WORKING DATA
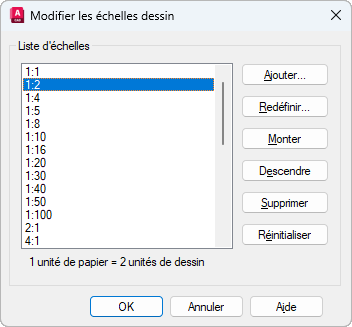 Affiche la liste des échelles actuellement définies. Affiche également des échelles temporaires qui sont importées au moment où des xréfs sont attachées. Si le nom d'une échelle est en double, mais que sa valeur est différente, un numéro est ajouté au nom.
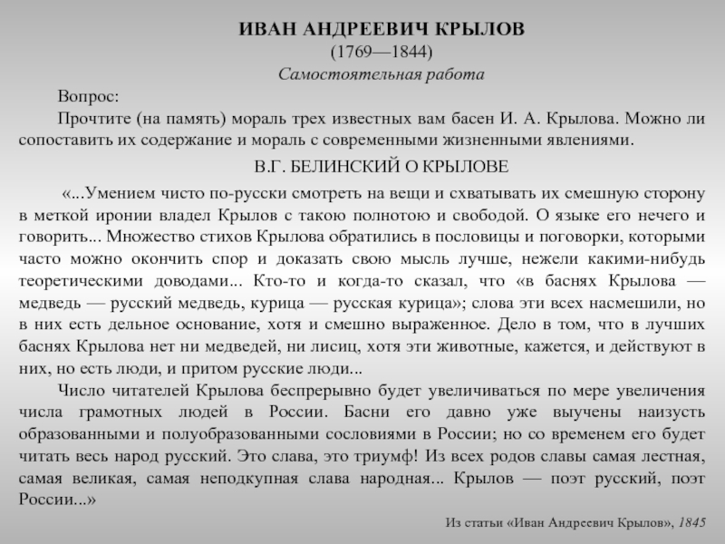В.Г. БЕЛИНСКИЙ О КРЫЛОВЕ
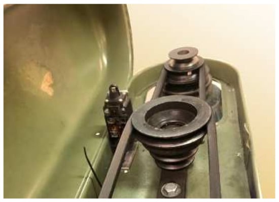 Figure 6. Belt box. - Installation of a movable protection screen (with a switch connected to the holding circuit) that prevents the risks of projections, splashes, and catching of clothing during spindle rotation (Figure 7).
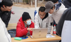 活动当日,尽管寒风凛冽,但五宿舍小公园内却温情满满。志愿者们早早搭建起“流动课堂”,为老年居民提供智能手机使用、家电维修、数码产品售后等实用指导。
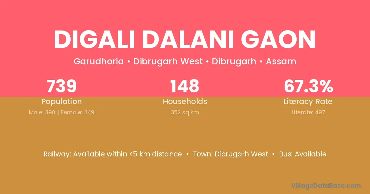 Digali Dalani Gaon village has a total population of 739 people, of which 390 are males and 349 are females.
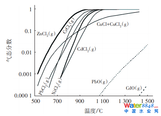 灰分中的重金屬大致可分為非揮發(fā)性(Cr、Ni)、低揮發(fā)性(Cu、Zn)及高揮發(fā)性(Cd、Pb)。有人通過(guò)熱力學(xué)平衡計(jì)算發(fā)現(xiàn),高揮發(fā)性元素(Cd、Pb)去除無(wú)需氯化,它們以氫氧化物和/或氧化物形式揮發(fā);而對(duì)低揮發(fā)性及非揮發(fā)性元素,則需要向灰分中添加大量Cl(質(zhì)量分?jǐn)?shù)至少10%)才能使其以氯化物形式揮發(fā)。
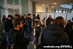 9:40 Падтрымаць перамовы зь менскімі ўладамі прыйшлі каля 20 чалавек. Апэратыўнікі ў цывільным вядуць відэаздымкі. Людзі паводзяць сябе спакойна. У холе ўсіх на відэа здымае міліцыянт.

...

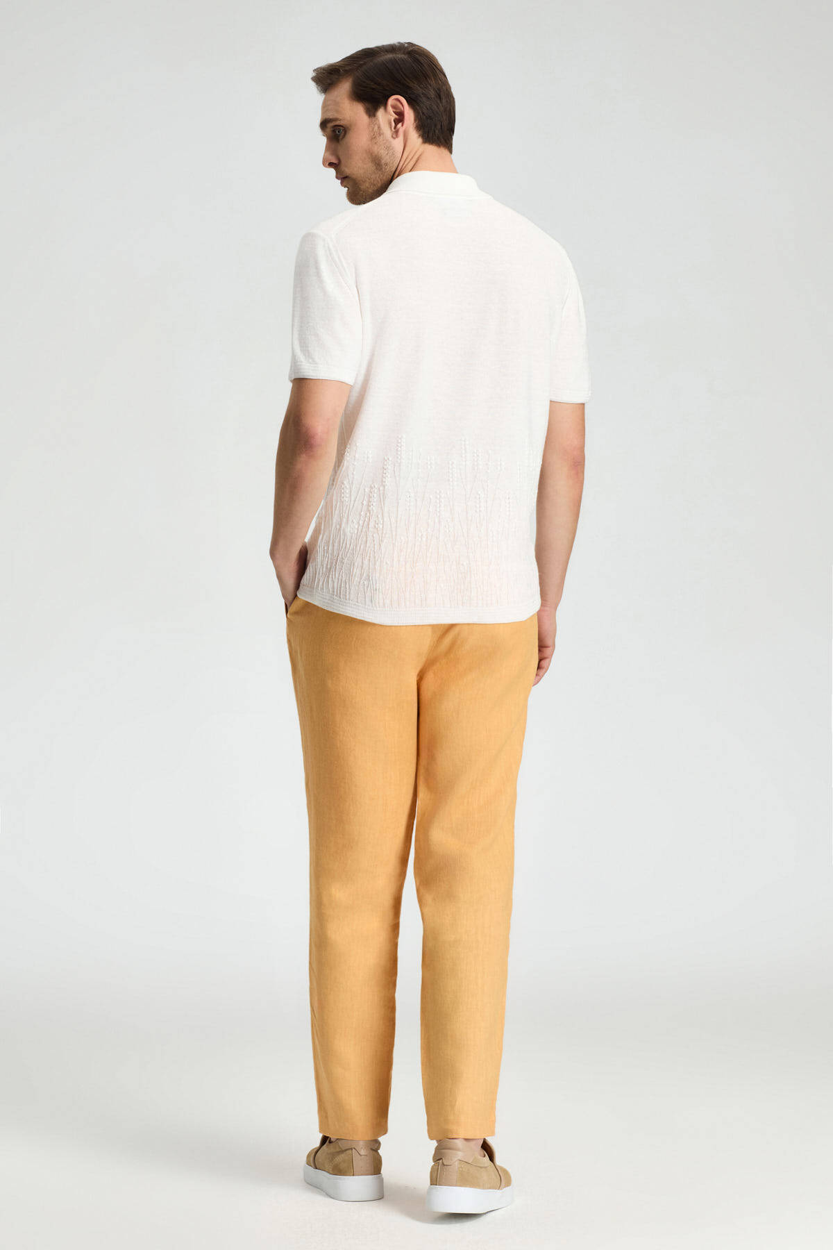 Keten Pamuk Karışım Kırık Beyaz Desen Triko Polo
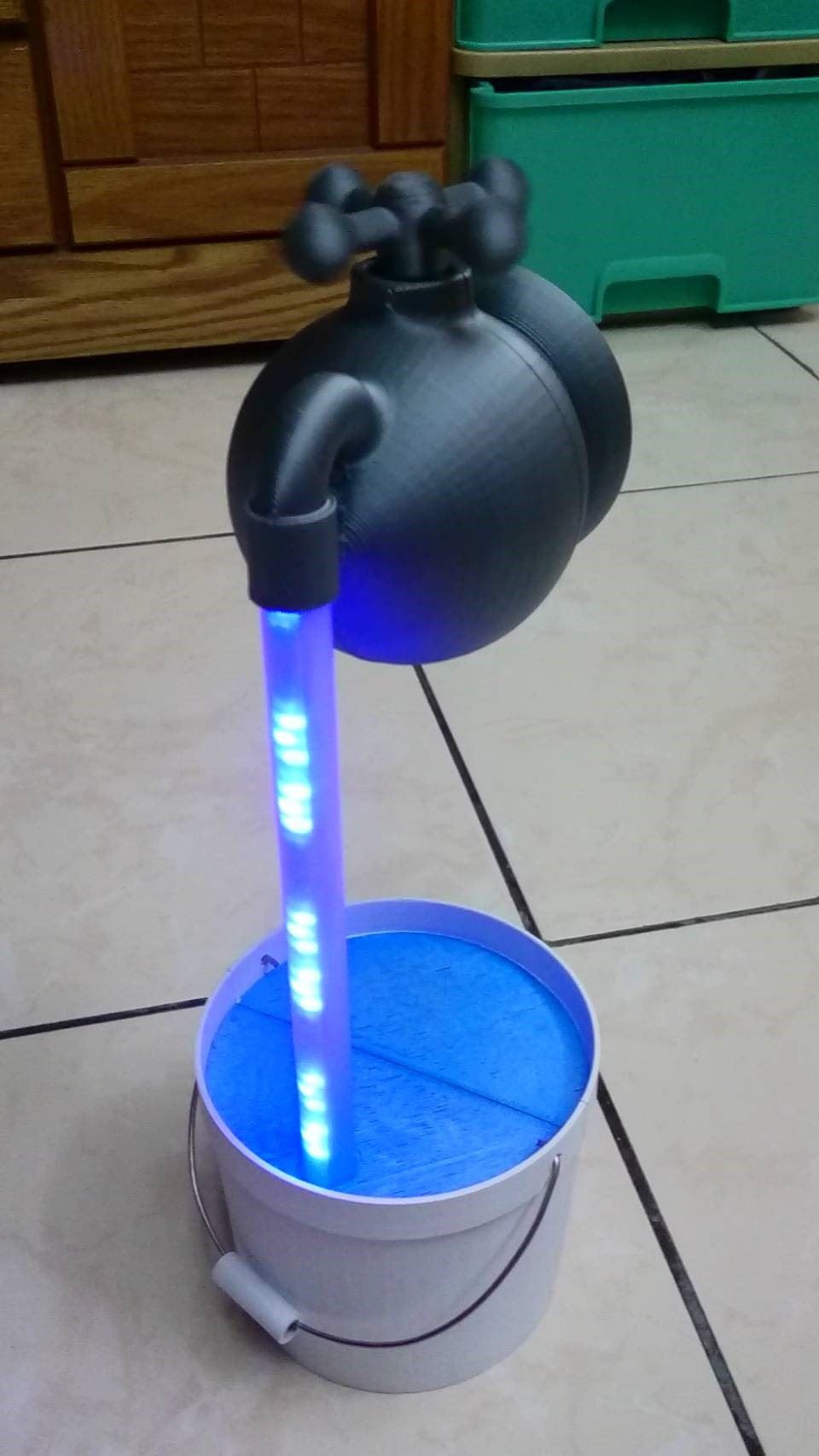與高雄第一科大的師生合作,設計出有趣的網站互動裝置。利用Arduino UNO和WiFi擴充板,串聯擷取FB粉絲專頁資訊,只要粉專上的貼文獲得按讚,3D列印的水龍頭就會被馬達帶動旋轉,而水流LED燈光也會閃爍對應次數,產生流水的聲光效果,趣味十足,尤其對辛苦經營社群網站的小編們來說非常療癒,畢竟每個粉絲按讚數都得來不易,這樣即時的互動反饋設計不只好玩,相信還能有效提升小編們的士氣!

...

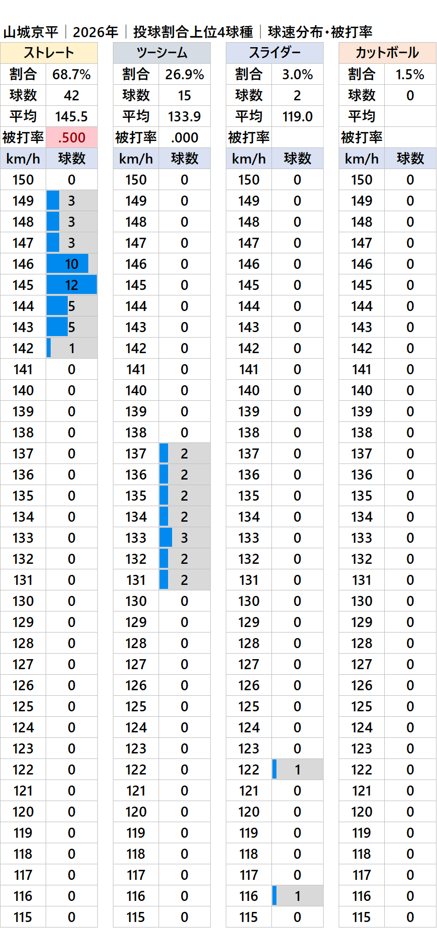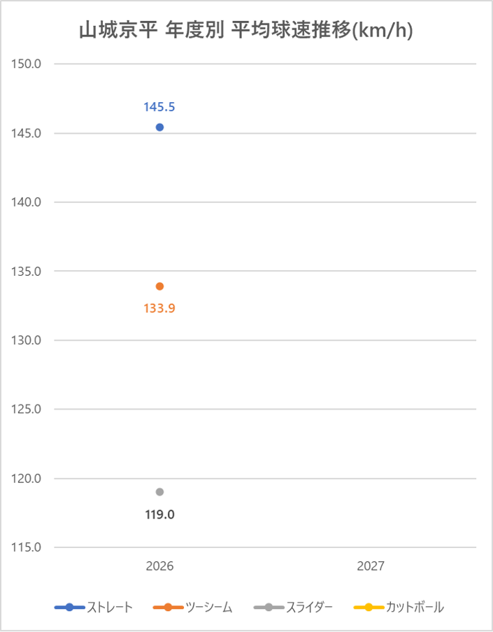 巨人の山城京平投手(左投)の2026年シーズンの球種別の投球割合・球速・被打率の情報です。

TASK INSTRUCTIONS
Look above for the line with "Affiche la liste" and the line with "9:40 Падтрымаць перамовы", then restate exactly those two lines and all lines between them, with no pictures.

ANSWER AREA
 Affiche la liste des échelles actuellement définies. Affiche également des échelles temporaires qui sont importées au moment où des xréfs sont attachées. Si le nom d'une échelle est en double, mais que sa valeur est différente, un numéro est ajouté au nom.
В.Г. БЕЛИНСКИЙ О КРЫЛОВЕ
 Figure 6. Belt box. - Installation of a movable protection screen (with a switch connected to the holding circuit) that prevents the risks of projections, splashes, and catching of clothing during spindle rotation (Figure 7).
 活动当日,尽管寒风凛冽,但五宿舍小公园内却温情满满。志愿者们早早搭建起“流动课堂”,为老年居民提供智能手机使用、家电维修、数码产品售后等实用指导。
 Digali Dalani Gaon village has a total population of 739 people, of which 390 are males and 349 are females.
 灰分中的重金屬大致可分為非揮發(fā)性(Cr、Ni)、低揮發(fā)性(Cu、Zn)及高揮發(fā)性(Cd、Pb)。有人通過(guò)熱力學(xué)平衡計(jì)算發(fā)現(xiàn),高揮發(fā)性元素(Cd、Pb)去除無(wú)需氯化,它們以氫氧化物和/或氧化物形式揮發(fā);而對(duì)低揮發(fā)性及非揮發(fā)性元素,則需要向灰分中添加大量Cl(質(zhì)量分?jǐn)?shù)至少10%)才能使其以氯化物形式揮發(fā)。
 9:40 Падтрымаць перамовы зь менскімі ўладамі прыйшлі каля 20 чалавек. Апэратыўнікі ў цывільным вядуць відэаздымкі. Людзі паводзяць сябе спакойна. У холе ўсіх на відэа здымае міліцыянт.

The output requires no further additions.